CRT Monitor Calibration EE262/PSYCH262

Calibration of a CRT monitor for
color vision experiments in Drosophila

Kristin Granlund and Mariel Velez

16 March 2005

Introduction

The goal of this project is to calibrate an Iiyama HM204DT CRT monitor for use in Drosophila visual behavior experiments. Our specific aims are:

to find the gamma curve for each phosphor class in the monitor
to determine whether the monitor’s phosphors are independent
to determine the calibration matrix that relates the monitor’s phosphor intensities to Drosophila’s photoreceptor absorption rates.

Background: Drosophila neurobiology

As fledgling neurobiologists we are compelled to ask questions that get at the heart of how the brain processes information. How does the brain compute the wealth of data available in the environment? How do neurons represent this information and how do they computationally relay this information to other neurons? How do these neuronal calculations translate into a sensory percept?

The computational properties of the visual system have fascinated and perplexed scientists since the inception of neurobiology as a field of study. In general, vision science has been approached from two main scientific roads: 1) psychophysics, which has characterized many human visual behaviors using precise stimuli and mathematical modeling of neuronal circuitry, and 2) neurophysiology, which has directly studied the activity of neurons in the monkey visual system. Due to experimental limitations inherent in both of these methods, however, we are still left many questions: How is visual information ciphered by a neural circuit and how do these computations contribute to visual perception?

In order to tackle these questions, our laboratory uses the Drosophila visual system as model neural circuit.
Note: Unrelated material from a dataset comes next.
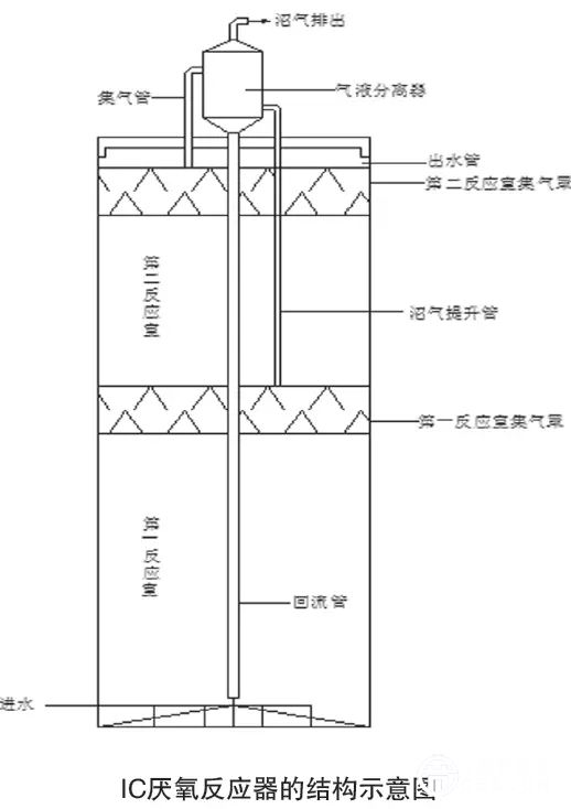 內循環(huán)(IC)厭氧反應器是在上流式厭氧污泥床(UASB)反應器基礎上發(fā)展起來的高效反應器。其依靠沼氣在升流管和回流管間產生的密度差在反應器內部形成流體循環(huán)。

Drosophila is an ideal model system in many respects because flies exhibit several intriguing visual behaviors (Heisenberg and Buchner, 1977). In addition, Drosophila offers a wealth of genetic tools that allow us to dissect neuronal pathways in vivo (see Genetics appendix III for more information). My project will focus on how the Drosophila visual system encodes and computes color information.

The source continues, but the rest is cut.